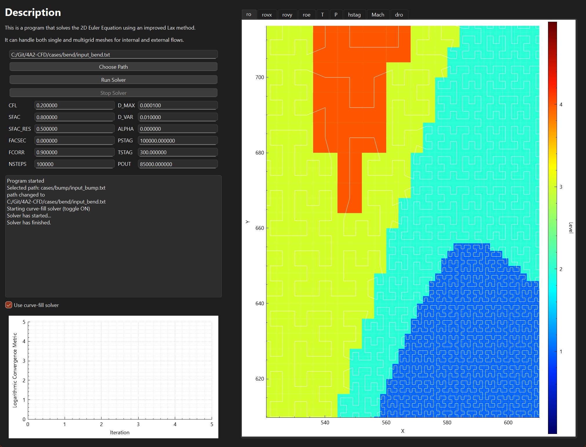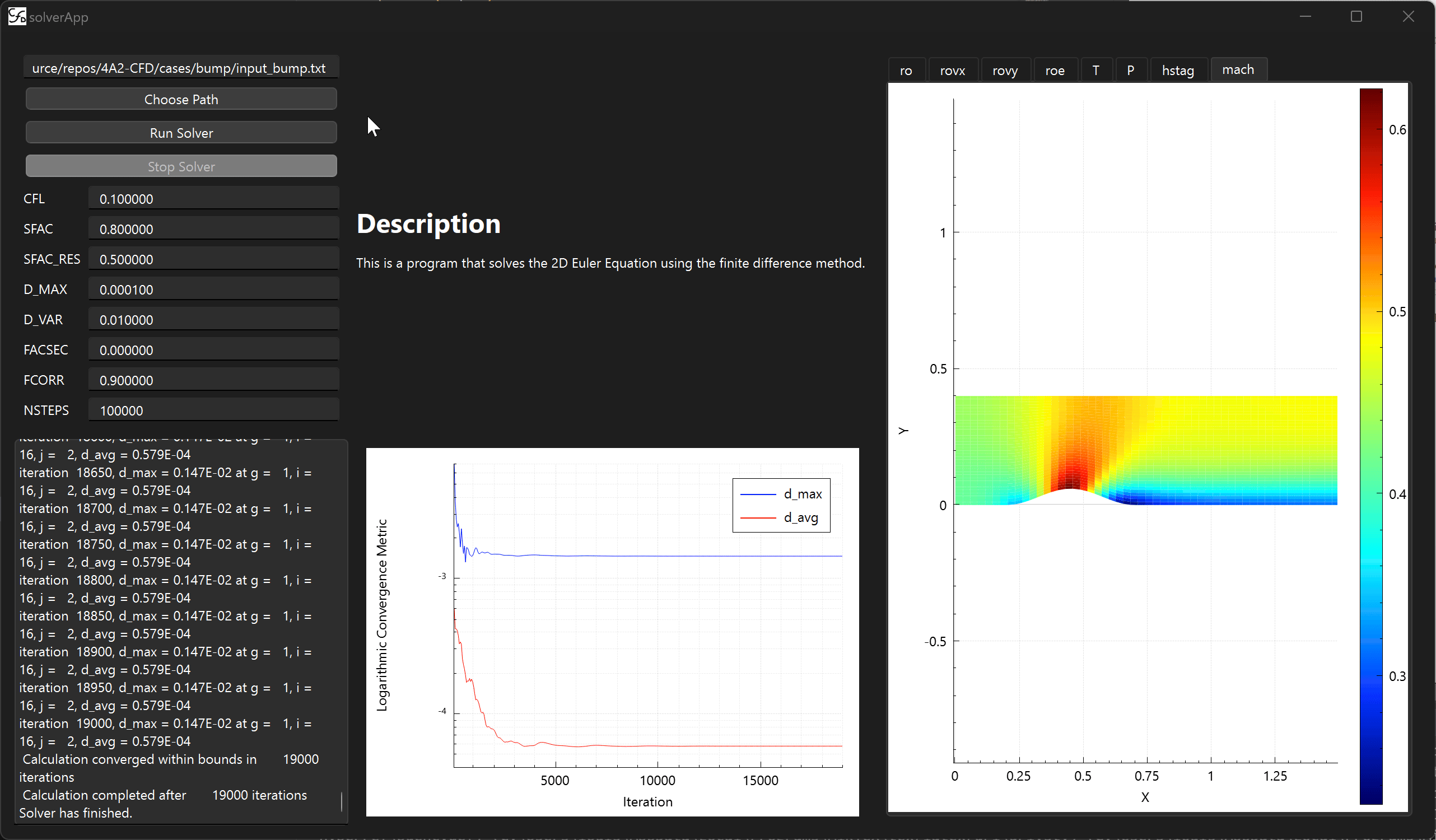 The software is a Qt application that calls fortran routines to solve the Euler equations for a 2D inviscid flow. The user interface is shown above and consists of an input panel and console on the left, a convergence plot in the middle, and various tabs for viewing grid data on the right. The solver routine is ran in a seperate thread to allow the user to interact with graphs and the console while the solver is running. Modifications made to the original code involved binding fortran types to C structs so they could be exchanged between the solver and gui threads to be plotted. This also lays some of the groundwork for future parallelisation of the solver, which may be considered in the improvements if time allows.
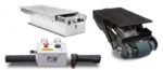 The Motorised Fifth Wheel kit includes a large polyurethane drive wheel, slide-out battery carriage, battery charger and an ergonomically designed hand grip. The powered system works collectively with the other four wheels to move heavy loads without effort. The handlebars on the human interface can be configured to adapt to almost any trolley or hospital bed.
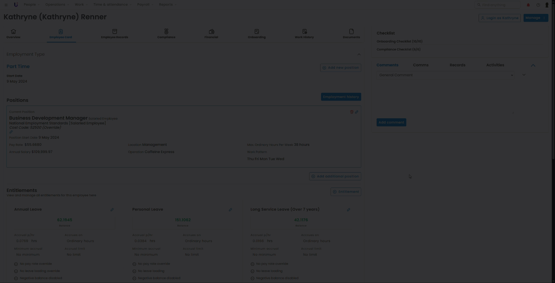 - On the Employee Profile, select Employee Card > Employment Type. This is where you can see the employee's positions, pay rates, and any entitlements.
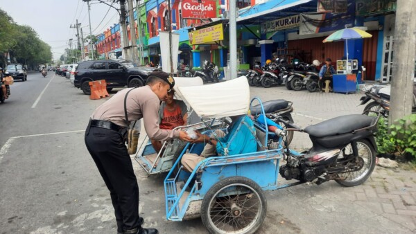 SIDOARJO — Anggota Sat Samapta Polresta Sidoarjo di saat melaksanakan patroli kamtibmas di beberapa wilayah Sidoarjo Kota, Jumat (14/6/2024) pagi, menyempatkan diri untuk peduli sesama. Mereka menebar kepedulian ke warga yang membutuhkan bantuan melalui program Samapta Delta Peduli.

_Task item_. It would help to have the listing above repeated exactly, with all images removed.

_Answer to this task_.
 The software is a Qt application that calls fortran routines to solve the Euler equations for a 2D inviscid flow. The user interface is shown above and consists of an input panel and console on the left, a convergence plot in the middle, and various tabs for viewing grid data on the right. The solver routine is ran in a seperate thread to allow the user to interact with graphs and the console while the solver is running. Modifications made to the original code involved binding fortran types to C structs so they could be exchanged between the solver and gui threads to be plotted. This also lays some of the groundwork for future parallelisation of the solver, which may be considered in the improvements if time allows.
 The Motorised Fifth Wheel kit includes a large polyurethane drive wheel, slide-out battery carriage, battery charger and an ergonomically designed hand grip. The powered system works collectively with the other four wheels to move heavy loads without effort. The handlebars on the human interface can be configured to adapt to almost any trolley or hospital bed.
 - On the Employee Profile, select Employee Card > Employment Type. This is where you can see the employee's positions, pay rates, and any entitlements.
 SIDOARJO — Anggota Sat Samapta Polresta Sidoarjo di saat melaksanakan patroli kamtibmas di beberapa wilayah Sidoarjo Kota, Jumat (14/6/2024) pagi, menyempatkan diri untuk peduli sesama. Mereka menebar kepedulian ke warga yang membutuhkan bantuan melalui program Samapta Delta Peduli.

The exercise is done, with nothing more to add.